Brandt's products are sold with the tag line that they are "prescription strength, prescription-free," and "are formulated under dermatologic control for maximum safety and efficiency and offer the highest performance without a prescription." Aside from how unbelievable that assertion is, what is not mentioned is the fact that none of the ingredients in Brandt's products are comparable to prescription formulations. And what is "dermatologic control" anyway, given that there are no such standards anywhere in the world? Moreover, what do dermatologists know about the manufacturing of pharmaceuticals, much less cosmetics? The two arenas of expertise are completely unrelated.
Dr. Brandt positioned his products as clinically superior to what you would find in other cosmetics lines, an unproven assertion to say the least. Many of his products tout benefits that don't just stretch the truth, but snap it in two—and these fallacies were more disconcerting coming from an esteemed dermatologist. When products contain the problematic ingredients that are so pervasive in Brandt's line, such as irritating plant extracts, drying detergent cleansing agents, and far too many products with skin cell-damaging lavender oil, it becomes nothing more than a line that should be approached with extreme caution.

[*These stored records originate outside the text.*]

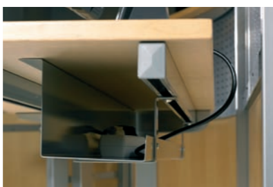
Rymlig kabelränna. Cable trough with plenty of room.
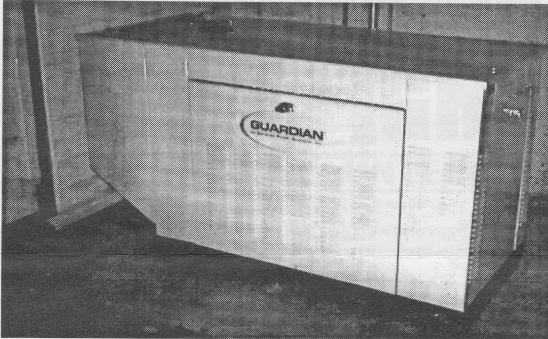
25K WATT NATURAL GAS GENERATOR
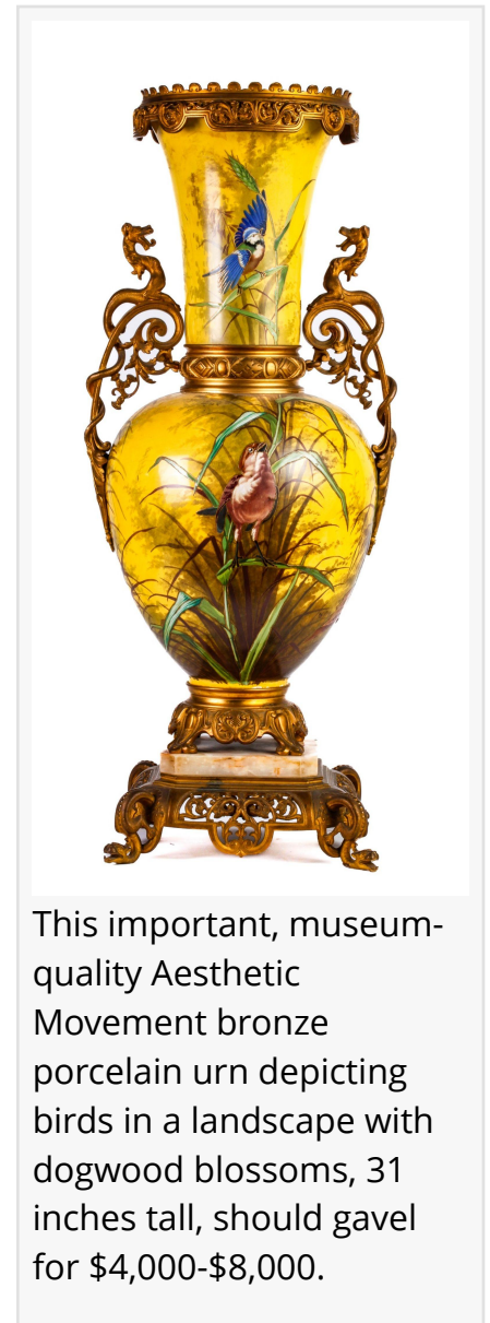
This important, museum-quality Aesthetic Movement bronze porcelain urn depicting birds in a landscape with dogwood blossoms, 31 inches tall, should gavel for $4,000-$8,000.

John McInnis John McInnis Auctioneers +1 978-388-0400 email us here
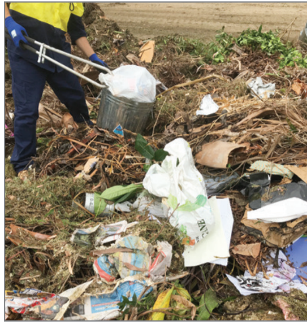
Incorrect waste put into the green organics bin has to be removed by hand at an extra cost to Tweed ratepayers.

The less sorting that needs to be done after collection and the less that goes to landfill, the better off our environment and bank accounts will be. For information about what goes in your bins visit www.tweed.nsw.gov.au/Waste or email waste@tweed.nsw.gov.au
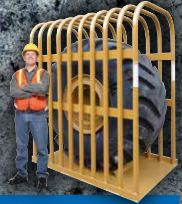
T112 12-BAR CAGE PN 36012

10-bar construction fits up to 29.5R25 L-3 Earthmover.
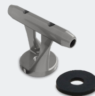
SAFETYPRO WIRE ANCHOR HEAD SET
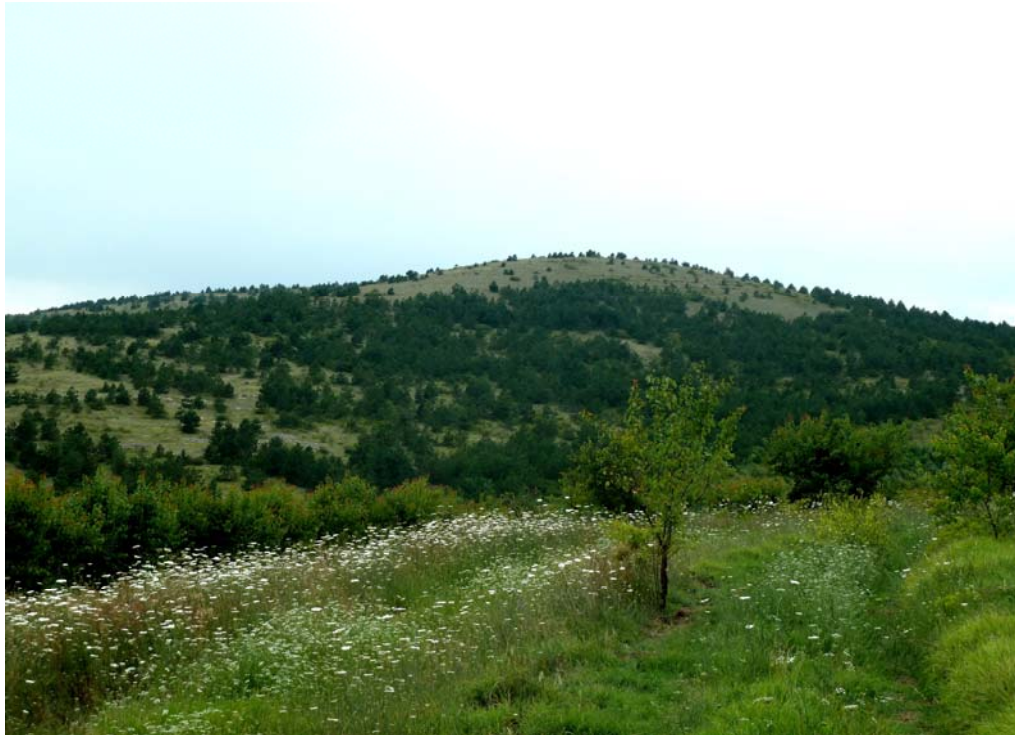
Figure 4 1: View of the area around proposed turbines A1-A12: the turbines will be located both in the foreground and on the hill

The turbines will be on a hill that comprises a mixture of agriculture (arable, orchards and vineyard), steppe grassland and tree belts.
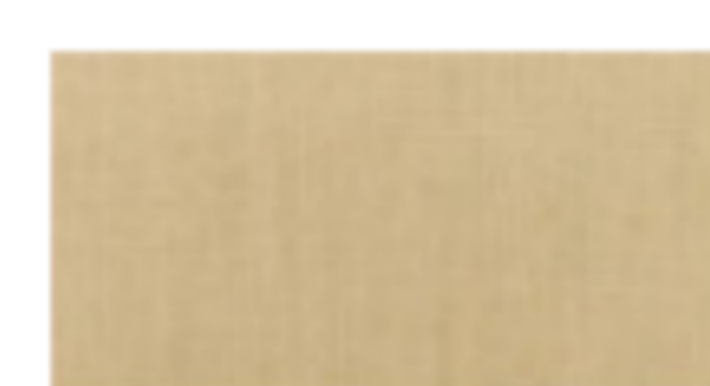
5476 Hearther Beige
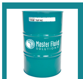
54-gallon drum SKU: TAPNC-54G UPC-12: 641238009399
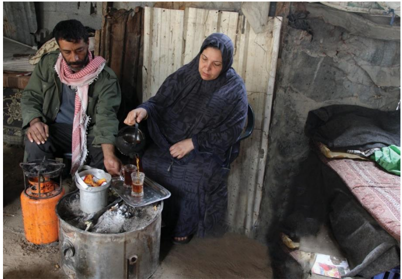
Daily life in Gaza today.

We invite you to join us in making a donation for Gaza relief that will be put to use immediately. This will be accomplished through collaboration with the United Palestinian Appeal (UPA) which has an office of 15 staff members as well as partner organizations on the ground in Gaza. These include hospitals, schools, mental health clinics and healthcare providers. One such partner is Al-Asda Hospital, which has treated over one third of the casualties in the northern Gaza Strip since the demonstrations began on March 30th.
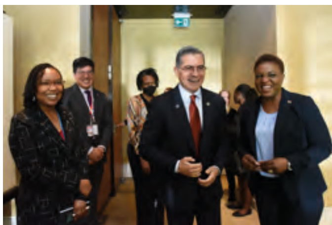
Ms. Susan Nakhumicha, Cabinet Secretary for Health with Xavier Becerra, US Secretary for Health and Human Services
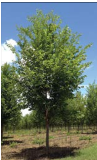
Scenic Hills Nursery
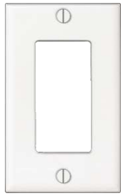
PEDP221M White Finish
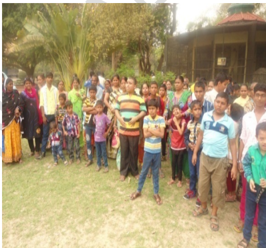
Visiting to Zoo
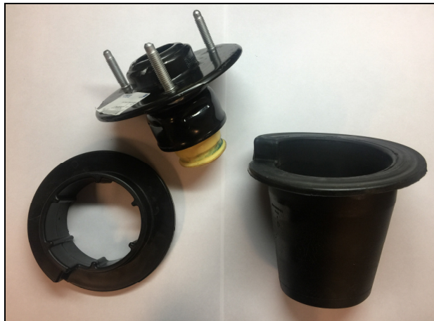
Fig 1: '07-'13 OE Top Mount Components
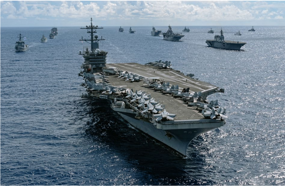
28 July 2022. Pacific Ocean. USS Abraham Lincoln (CVN 72) in formation during RIMPAC 2022.

Approaching China in a more containment-focused manner, rather than continuing to carefully calibrate competition, would likely play well with American voters. Polls show that it has never been more popular to be anti-China in the United States. But what plays well at home would increase the risk of confrontation abroad.
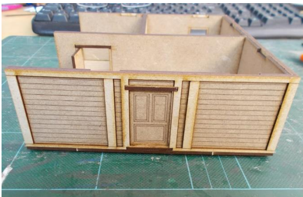
Glue them into the gaps within the frames.
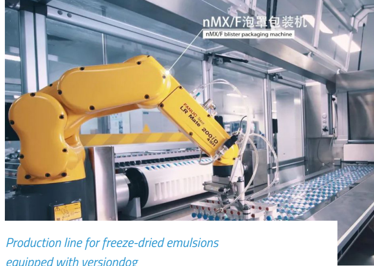
Production line for freeze-dried emulsions equipped with versiondog

From 2022 it is planned to gradually expand versiondog to all production lines in the newly built global headquarters.
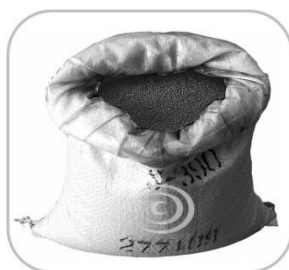
Steel abrasive / Shot 390 Grade 1.0 – 1.4mm – SHOT0390 460 Grade 1.2 – 1.7mm – SHOT0460 550 Grade 1.4 – 2.0mm – SHOT0550
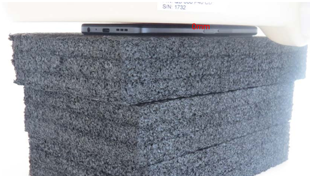
Picture 13: Back Side, the distance from handset to the bottom of the Phantom is 0mm

The line does have a few bright spots: many of Brandt's products do contain significant amounts of antioxidants, though that certainly doesn't make his line unique because many other product lines do that, too. (Here it's fair to say that while no specific amounts have been established for any antioxidant that will ensure their effectiveness, the general consensus among researchers is that more antioxidants are better than less, and less is still better than none at all.) Unless you were a devoted patient of Dr. Brandt and would be racked with guilt for not purchasing his products while visiting for an appointment, there is no reason to seek out this disappointing line.